York

2021-10-22

For each of the following scenarios, select the test (from the choices below), that is most appropriate for analyzing the data.
a) Z-test
b) One-sample t-test
c) Independent t-test
d) Dependent t-test
e) 1-Way ANOVA
f) Regression/Correlation
g) Chi-Square
1. Does caffeine help test performance? 90 participants are randomly assigned to one of 4 groups (no caffeine, small dose, medium dose, and large dose) and then asked to complete a GRE math section.
2. Do seniors study for fewer hours per week than freshmen?
3. Is the average SAT math score of Hunter College students higher than the national average $\left(\mu =500,\sigma =100\right)$?

Nola Robson

Step 1
1.
e) 1-Way ANOVA
A 1-way ANOVA is used to compare the means of more than two independents groups in order to find out the means of the groups are significantly different from each other.
A 1-way ANOVA is used for the given scenario because the levels of caffeine are more than two. That is, (no caffeine, small does, medium does and large dose). After the test, the scores will be collected for each group and then a 1-way ANOVA test will be carried out to find whether caffeine really helps in test performance by comparing the means of four groups.
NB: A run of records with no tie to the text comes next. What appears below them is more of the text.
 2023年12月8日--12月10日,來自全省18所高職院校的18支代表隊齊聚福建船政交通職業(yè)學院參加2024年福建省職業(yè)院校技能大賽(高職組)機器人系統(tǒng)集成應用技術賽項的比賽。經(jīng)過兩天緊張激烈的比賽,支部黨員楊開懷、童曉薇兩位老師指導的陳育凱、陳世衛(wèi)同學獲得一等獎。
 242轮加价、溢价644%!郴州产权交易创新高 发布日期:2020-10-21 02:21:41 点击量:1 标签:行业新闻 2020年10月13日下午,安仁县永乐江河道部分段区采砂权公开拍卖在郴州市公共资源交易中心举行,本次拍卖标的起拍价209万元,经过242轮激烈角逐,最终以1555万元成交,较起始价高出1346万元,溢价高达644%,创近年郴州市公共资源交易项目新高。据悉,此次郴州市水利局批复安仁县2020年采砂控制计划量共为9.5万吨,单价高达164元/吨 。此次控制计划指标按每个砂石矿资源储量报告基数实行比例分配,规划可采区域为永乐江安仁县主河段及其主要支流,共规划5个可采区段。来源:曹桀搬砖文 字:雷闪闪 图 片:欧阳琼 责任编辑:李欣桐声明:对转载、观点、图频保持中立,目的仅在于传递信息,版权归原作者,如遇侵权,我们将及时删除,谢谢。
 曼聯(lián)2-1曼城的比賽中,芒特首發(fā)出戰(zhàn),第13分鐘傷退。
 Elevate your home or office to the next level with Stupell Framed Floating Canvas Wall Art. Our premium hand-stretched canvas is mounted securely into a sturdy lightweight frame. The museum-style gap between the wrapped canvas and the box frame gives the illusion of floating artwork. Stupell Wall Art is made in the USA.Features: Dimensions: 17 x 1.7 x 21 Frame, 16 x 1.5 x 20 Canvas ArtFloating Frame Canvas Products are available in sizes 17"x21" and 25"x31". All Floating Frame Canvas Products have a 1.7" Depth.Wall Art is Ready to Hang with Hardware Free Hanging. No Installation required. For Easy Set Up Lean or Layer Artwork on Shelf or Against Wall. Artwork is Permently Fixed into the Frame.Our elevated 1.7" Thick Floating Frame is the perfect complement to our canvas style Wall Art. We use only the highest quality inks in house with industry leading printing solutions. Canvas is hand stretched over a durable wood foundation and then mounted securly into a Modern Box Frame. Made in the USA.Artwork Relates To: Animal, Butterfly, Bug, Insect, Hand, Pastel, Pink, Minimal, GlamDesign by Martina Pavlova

A significant P-value results in the rejection of hypothesis and concludes that the caffeine helps in the test performance at a given level of significance.
Thus, 1-way ANOVA suits the given experiment.
Step 2
2.
c) Independent t-test:
This test can be used to determine whether there is a significant difference between the mean of two independent groups or samples.
Independent sample t-test can be used for the given scenario since there are two different groups (seniors and freshmen) and the test aims to compare the mean number of hours of study per week between seniors and freshmen and the test is carried out by comparing the two means. A significant P-value concludes that seniors study for fewer hours per week than freshmen.
Step 3
3.
b) One-sample t-test:
A one sample t test is used to find out whether a sample mean with the hypothesized population mean.
Here, the average SAT math score obtained from the sample will be tested using the population mean SAT math score 500. A significant P-value results in the rejection of hypothesis and concludes that the average SAT math score of Hunter College students is higher than the national average at a given level of significance.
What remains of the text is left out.